The first Trump hearing in the US election interference case was broadcast live on television

While Trump and the other defendants did not personally attend the hearing at the Fulton District Supreme Court, lawyers were present.

Judge Scott McAfee, presiding over the case, decided that the trial would begin on October 23, taking into account the “rapid trial” demands defended by Trump’s former campaign attorneys Kenneth Chesebro and Sidney Powell.

When Kenneth and Powell’s lawyers demanded that their clients be tried independently of each other, the judge said that this was not necessary for the defendants to have a “fair trial”.

On the other hand, Judge McAfee stated that he found the request of the state prosecutors to be tried with Chesebro and Powell on October 23 for the other 17 defendants as “very suspicious”, but that he would listen to the prosecution’s reasons later on.

At the hearing, prosecutors shared the information that the trial of 19 people, including Trump, will take about 4 months, and that the state plans to listen to more than 150 witnesses, while McAfee evaluated that this period could take up to 8 months due to the large number of defendants.

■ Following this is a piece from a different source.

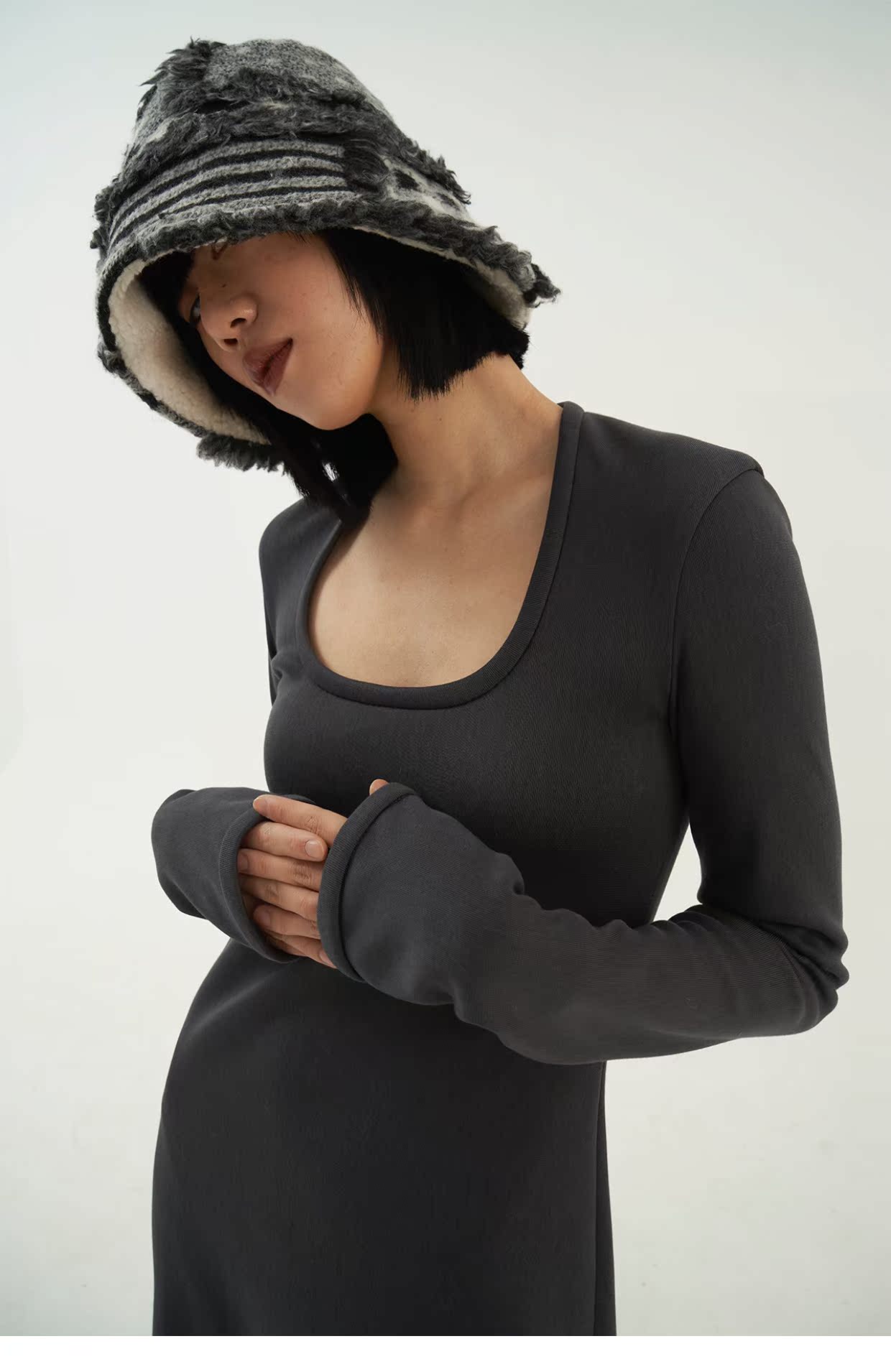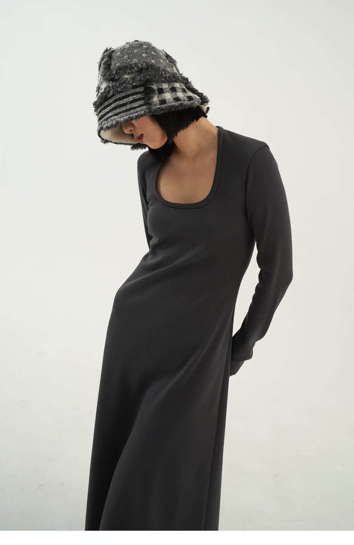 殷三吉/THREE GOOOD魅惑佳人小眾設計優雅掛脖長袖連衣裙SQ230706

While the trial went down in history as the first Trump trial to be televised live, Trump and 18 other defendants were not present in court as they exercised their right to “not attend” under Georgia state law.

Trump and the 18 defendants denied all charges related to the Georgia trial days before the trial.

Mark Meadows, Trump’s White House Chief of Staff, who was among the defendants, also applied for the case to be heard in federal court.

Trump accused of “election interference” in Georgia

Trump was indicted by the Atlanta grand jury on August 15 on charges of interfering with the 2020 election results in the state of Georgia, and surrendered on August 24 as part of the indictment.

It was the first time a criminal record photo was taken for the arrest file of Trump, who paid $200,000 bail when he surrendered. Trump went down in history as the “first American president with a criminal record”.

Trump had raised more than $7.1 million for the Republican grassroots nomination in the first week after he surrendered on August 24.